**Task statement**.
Reproduce only the lines below from the line containing "3然后在锅中放入水,水开后把掰好的西兰花,放入水中焯一下,捞出备用" to the line containing "1月23日,工人在成渝中线高铁人和隧道内施工。新华社记者 唐奕 摄", exactly as written, with both end lines kept. Omit the pictures.

══ Record excerpts

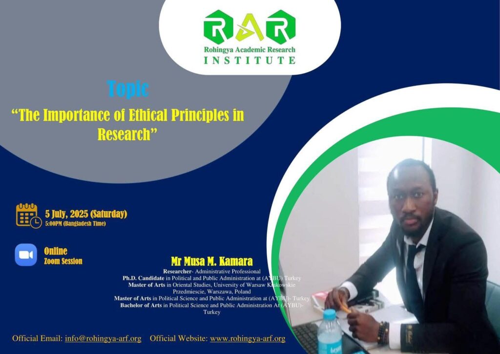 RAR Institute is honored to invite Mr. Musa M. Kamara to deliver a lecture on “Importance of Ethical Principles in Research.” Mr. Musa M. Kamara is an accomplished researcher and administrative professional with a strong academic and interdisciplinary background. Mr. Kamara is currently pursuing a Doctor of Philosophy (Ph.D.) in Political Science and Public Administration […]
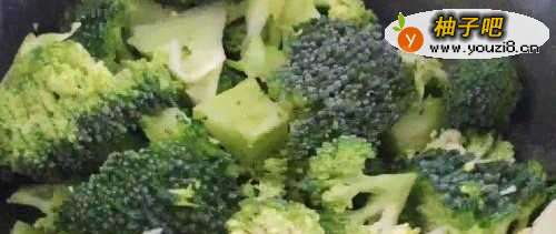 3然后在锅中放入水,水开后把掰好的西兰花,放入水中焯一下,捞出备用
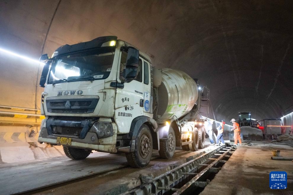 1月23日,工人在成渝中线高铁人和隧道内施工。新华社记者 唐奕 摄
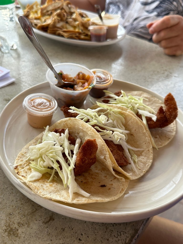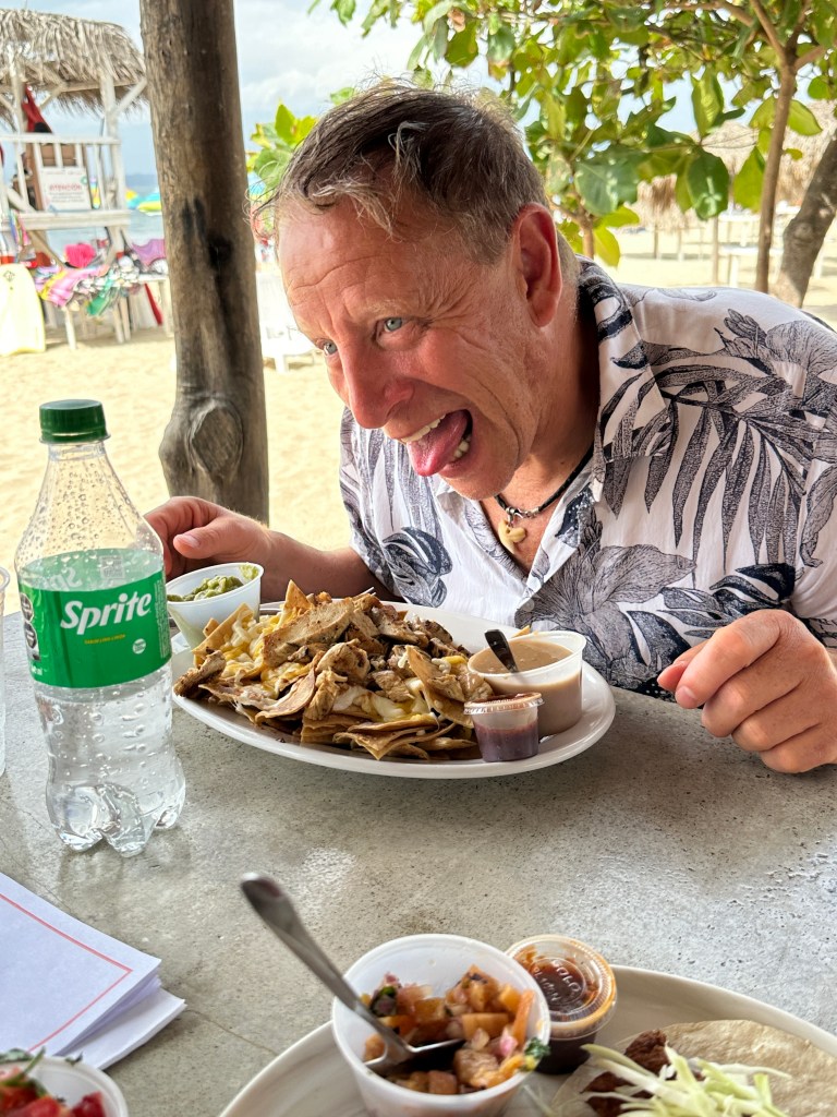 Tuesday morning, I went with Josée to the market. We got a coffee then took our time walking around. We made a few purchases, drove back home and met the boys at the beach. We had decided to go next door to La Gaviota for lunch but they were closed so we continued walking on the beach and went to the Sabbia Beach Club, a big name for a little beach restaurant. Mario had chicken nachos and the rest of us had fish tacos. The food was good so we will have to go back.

════
══ Record excerpts

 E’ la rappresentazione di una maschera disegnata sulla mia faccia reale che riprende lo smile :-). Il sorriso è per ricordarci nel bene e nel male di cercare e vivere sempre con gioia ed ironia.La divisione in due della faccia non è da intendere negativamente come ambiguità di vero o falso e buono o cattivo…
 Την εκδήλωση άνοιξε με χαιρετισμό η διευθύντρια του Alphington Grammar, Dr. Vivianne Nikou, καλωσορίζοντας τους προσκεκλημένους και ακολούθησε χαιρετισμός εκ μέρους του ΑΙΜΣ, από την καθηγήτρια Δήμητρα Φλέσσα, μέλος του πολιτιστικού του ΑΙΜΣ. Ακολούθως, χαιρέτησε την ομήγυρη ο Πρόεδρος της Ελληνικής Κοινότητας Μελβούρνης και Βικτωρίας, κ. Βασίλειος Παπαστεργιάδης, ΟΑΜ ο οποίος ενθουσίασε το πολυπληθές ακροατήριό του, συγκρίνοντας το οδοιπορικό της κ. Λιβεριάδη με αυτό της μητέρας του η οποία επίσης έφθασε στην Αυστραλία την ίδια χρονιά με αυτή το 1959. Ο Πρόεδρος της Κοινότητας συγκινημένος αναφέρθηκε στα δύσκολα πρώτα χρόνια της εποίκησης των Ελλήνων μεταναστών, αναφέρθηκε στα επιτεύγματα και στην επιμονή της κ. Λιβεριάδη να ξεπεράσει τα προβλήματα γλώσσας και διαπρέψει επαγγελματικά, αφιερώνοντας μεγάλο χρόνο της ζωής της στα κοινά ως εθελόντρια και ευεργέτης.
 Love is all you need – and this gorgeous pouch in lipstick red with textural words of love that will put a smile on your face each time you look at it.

════
══ Record excerpts

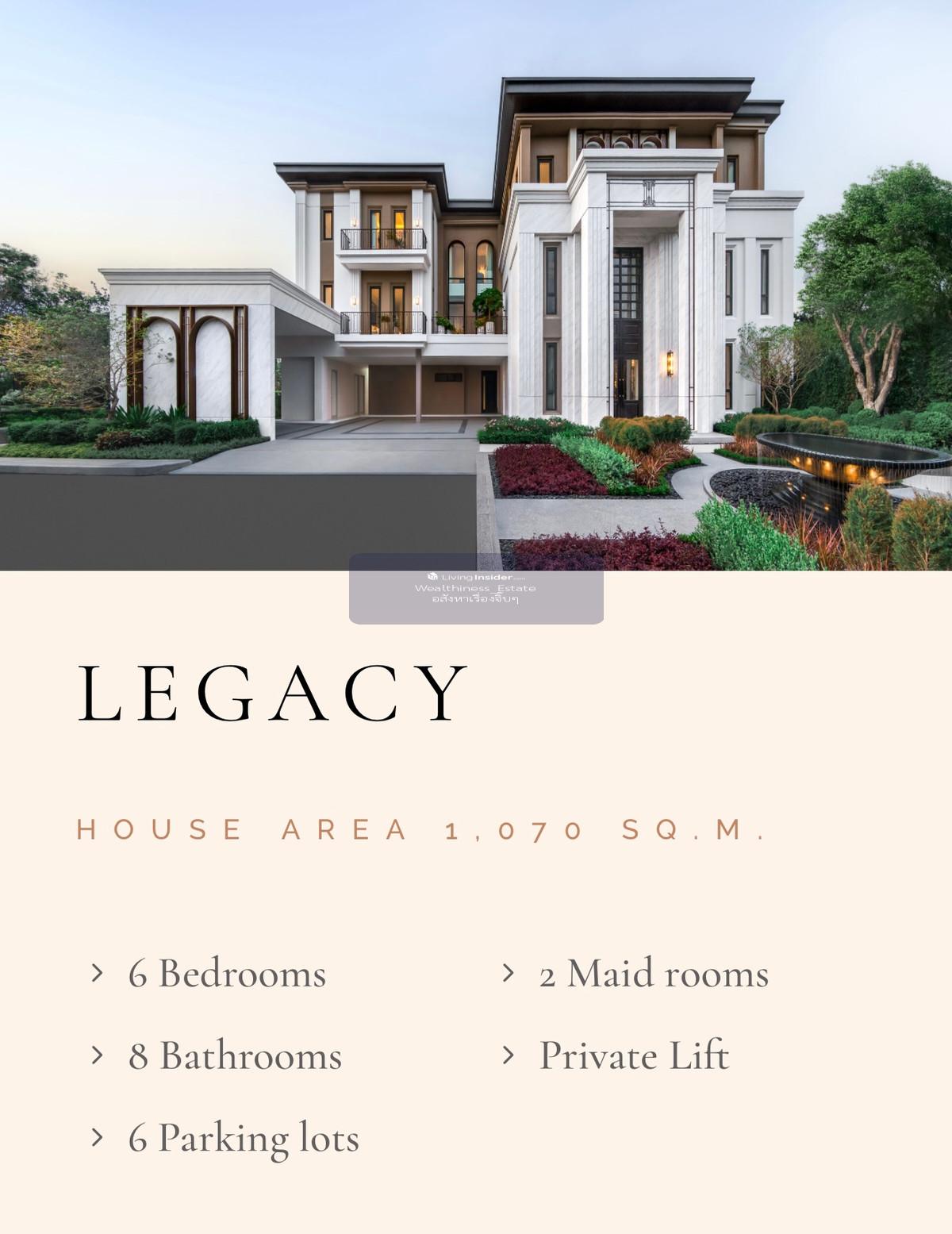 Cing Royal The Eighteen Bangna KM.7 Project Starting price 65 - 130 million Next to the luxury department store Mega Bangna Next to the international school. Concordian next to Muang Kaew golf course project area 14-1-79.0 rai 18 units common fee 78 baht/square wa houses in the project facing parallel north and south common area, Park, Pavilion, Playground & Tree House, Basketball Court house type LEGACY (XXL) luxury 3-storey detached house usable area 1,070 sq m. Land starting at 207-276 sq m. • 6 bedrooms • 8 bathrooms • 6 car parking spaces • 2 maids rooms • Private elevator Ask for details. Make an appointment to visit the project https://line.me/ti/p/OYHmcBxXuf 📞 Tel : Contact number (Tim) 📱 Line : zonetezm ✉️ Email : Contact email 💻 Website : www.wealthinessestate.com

════

**Worked solution**.
 3然后在锅中放入水,水开后把掰好的西兰花,放入水中焯一下,捞出备用
 1月23日,工人在成渝中线高铁人和隧道内施工。新华社记者 唐奕 摄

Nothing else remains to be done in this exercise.